Further down are entries; set down exactly and only the lines from the one with "Merritt 1 Light" up to and including the one with "ja jäykkyyden puolesta.", dropping each picture.

**Given data:**
┄┄┄┄┄┄┄┄┄┄┄┄┄┄┄┄┄┄┄┄

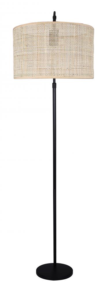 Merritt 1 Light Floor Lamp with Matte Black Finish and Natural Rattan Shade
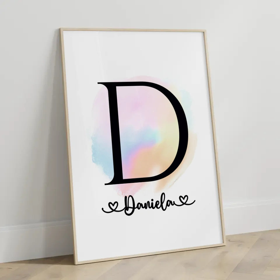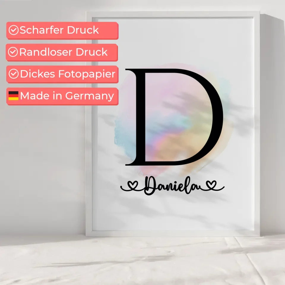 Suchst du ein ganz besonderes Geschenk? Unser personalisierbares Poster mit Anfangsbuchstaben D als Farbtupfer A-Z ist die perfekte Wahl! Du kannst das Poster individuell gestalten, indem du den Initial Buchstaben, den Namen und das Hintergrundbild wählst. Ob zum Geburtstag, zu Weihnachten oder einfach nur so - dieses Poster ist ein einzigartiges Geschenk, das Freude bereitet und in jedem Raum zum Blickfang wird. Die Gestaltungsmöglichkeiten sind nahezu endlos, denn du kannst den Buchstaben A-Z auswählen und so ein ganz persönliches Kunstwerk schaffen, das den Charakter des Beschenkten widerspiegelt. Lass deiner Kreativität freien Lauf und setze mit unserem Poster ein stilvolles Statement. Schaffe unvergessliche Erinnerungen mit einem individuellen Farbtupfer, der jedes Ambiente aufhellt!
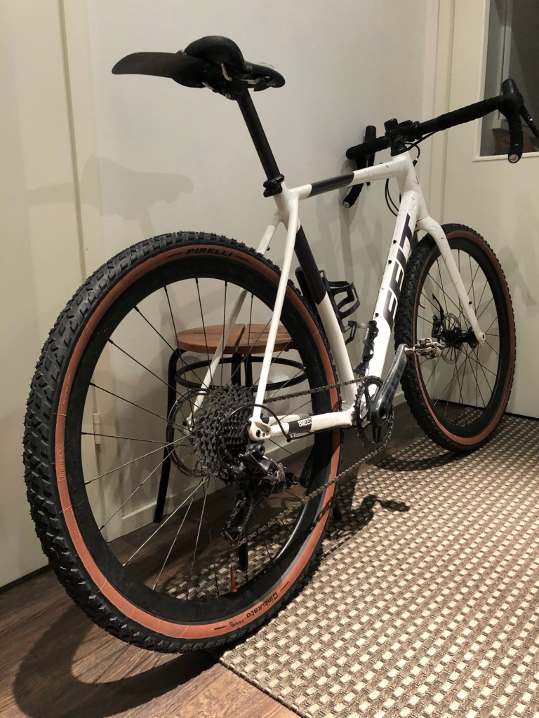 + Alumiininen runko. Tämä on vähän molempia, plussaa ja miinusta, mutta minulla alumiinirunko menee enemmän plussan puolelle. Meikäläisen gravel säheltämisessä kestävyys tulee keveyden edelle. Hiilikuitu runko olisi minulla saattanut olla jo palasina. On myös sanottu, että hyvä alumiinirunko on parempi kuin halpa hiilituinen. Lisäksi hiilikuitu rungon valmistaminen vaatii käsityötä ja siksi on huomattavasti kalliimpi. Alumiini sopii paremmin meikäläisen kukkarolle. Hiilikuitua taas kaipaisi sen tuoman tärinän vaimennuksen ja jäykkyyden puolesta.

┄┄┄┄┄┄┄┄┄┄┄┄┄┄┄┄┄┄┄┄

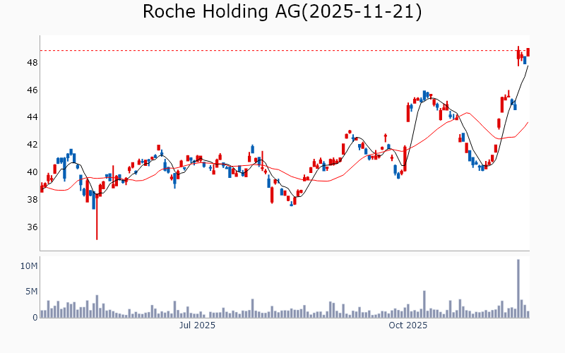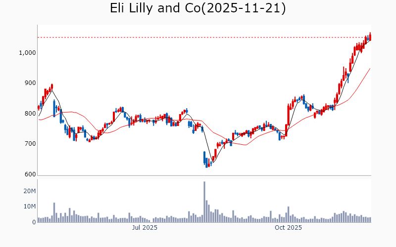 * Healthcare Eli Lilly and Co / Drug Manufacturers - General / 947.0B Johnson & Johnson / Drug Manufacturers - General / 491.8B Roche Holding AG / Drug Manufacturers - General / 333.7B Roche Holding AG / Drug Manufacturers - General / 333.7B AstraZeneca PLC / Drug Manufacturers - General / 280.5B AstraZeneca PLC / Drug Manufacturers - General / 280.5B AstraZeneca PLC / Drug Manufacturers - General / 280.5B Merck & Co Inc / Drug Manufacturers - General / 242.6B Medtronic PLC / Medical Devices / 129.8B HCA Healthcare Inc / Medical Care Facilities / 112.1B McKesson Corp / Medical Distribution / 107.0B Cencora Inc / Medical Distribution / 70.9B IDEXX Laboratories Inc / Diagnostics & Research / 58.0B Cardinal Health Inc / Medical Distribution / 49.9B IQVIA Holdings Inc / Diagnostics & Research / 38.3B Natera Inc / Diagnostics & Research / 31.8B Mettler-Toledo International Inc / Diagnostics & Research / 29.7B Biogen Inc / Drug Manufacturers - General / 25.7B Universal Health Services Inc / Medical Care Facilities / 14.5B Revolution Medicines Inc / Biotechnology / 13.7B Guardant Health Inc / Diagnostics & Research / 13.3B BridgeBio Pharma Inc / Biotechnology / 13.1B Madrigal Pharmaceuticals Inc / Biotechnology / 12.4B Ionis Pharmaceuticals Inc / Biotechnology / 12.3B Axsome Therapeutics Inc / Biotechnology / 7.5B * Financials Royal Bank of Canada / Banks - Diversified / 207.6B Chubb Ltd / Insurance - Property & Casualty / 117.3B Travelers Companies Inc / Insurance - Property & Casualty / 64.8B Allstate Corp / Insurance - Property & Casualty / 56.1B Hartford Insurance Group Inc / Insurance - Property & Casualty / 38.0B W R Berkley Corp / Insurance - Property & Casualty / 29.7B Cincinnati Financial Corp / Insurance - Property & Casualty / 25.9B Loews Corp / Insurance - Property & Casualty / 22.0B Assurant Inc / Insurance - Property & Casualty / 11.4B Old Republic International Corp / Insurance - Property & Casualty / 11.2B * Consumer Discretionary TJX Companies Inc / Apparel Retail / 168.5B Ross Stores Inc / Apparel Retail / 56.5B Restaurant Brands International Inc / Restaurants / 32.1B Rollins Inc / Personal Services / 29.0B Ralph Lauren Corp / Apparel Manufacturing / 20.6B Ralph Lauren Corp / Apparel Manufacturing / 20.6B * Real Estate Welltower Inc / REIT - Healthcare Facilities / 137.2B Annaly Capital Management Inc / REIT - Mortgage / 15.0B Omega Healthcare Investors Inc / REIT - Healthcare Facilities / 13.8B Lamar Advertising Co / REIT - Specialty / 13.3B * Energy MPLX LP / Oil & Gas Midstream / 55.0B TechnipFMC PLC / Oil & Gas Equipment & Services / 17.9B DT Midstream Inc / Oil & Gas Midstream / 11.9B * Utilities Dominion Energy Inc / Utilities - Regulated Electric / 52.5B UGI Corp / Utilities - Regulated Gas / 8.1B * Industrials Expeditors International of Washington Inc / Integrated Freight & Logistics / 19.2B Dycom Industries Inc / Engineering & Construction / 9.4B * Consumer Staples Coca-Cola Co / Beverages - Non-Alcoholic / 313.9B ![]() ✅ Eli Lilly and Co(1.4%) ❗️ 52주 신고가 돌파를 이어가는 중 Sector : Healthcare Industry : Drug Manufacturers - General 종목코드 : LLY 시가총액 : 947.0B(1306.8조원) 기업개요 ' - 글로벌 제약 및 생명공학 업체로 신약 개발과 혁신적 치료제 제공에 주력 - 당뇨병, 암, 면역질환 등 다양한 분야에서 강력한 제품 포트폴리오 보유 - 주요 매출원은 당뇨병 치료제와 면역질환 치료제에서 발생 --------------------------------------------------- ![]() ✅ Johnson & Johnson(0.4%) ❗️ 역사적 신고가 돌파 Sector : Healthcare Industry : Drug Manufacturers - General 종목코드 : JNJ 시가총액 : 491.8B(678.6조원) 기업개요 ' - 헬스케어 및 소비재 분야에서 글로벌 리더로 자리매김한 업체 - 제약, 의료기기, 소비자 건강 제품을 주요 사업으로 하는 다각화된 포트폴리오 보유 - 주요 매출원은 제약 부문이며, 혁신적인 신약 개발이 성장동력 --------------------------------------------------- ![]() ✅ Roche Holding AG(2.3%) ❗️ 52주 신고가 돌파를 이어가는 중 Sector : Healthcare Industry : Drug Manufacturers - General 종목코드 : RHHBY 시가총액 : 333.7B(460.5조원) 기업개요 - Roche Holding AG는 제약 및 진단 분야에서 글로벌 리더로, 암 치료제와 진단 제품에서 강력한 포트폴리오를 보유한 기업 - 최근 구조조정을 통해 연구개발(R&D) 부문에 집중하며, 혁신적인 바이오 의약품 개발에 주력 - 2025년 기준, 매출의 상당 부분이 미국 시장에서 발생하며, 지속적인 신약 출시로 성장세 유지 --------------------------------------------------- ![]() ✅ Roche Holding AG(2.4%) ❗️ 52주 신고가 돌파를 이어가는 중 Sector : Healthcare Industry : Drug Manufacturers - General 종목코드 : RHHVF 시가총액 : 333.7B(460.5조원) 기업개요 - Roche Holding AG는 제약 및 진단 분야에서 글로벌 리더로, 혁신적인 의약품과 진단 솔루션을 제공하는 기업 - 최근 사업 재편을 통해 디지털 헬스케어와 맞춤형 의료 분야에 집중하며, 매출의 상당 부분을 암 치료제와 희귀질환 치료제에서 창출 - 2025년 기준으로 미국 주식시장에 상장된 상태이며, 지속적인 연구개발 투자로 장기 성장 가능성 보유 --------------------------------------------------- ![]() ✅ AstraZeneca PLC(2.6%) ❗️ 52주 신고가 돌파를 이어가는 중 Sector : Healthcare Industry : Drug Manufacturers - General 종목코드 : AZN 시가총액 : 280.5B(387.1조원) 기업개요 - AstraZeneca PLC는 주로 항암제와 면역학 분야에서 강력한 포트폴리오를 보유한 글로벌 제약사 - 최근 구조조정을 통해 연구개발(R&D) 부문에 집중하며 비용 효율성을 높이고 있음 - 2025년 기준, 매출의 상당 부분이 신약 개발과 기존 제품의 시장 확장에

┄┄┄┄┄┄┄┄┄┄┄┄┄┄┄┄┄┄┄┄

**Solved exercise:**
 Merritt 1 Light Floor Lamp with Matte Black Finish and Natural Rattan Shade
 Suchst du ein ganz besonderes Geschenk? Unser personalisierbares Poster mit Anfangsbuchstaben D als Farbtupfer A-Z ist die perfekte Wahl! Du kannst das Poster individuell gestalten, indem du den Initial Buchstaben, den Namen und das Hintergrundbild wählst. Ob zum Geburtstag, zu Weihnachten oder einfach nur so - dieses Poster ist ein einzigartiges Geschenk, das Freude bereitet und in jedem Raum zum Blickfang wird. Die Gestaltungsmöglichkeiten sind nahezu endlos, denn du kannst den Buchstaben A-Z auswählen und so ein ganz persönliches Kunstwerk schaffen, das den Charakter des Beschenkten widerspiegelt. Lass deiner Kreativität freien Lauf und setze mit unserem Poster ein stilvolles Statement. Schaffe unvergessliche Erinnerungen mit einem individuellen Farbtupfer, der jedes Ambiente aufhellt!
 + Alumiininen runko. Tämä on vähän molempia, plussaa ja miinusta, mutta minulla alumiinirunko menee enemmän plussan puolelle. Meikäläisen gravel säheltämisessä kestävyys tulee keveyden edelle. Hiilikuitu runko olisi minulla saattanut olla jo palasina. On myös sanottu, että hyvä alumiinirunko on parempi kuin halpa hiilituinen. Lisäksi hiilikuitu rungon valmistaminen vaatii käsityötä ja siksi on huomattavasti kalliimpi. Alumiini sopii paremmin meikäläisen kukkarolle. Hiilikuitua taas kaipaisi sen tuoman tärinän vaimennuksen ja jäykkyyden puolesta.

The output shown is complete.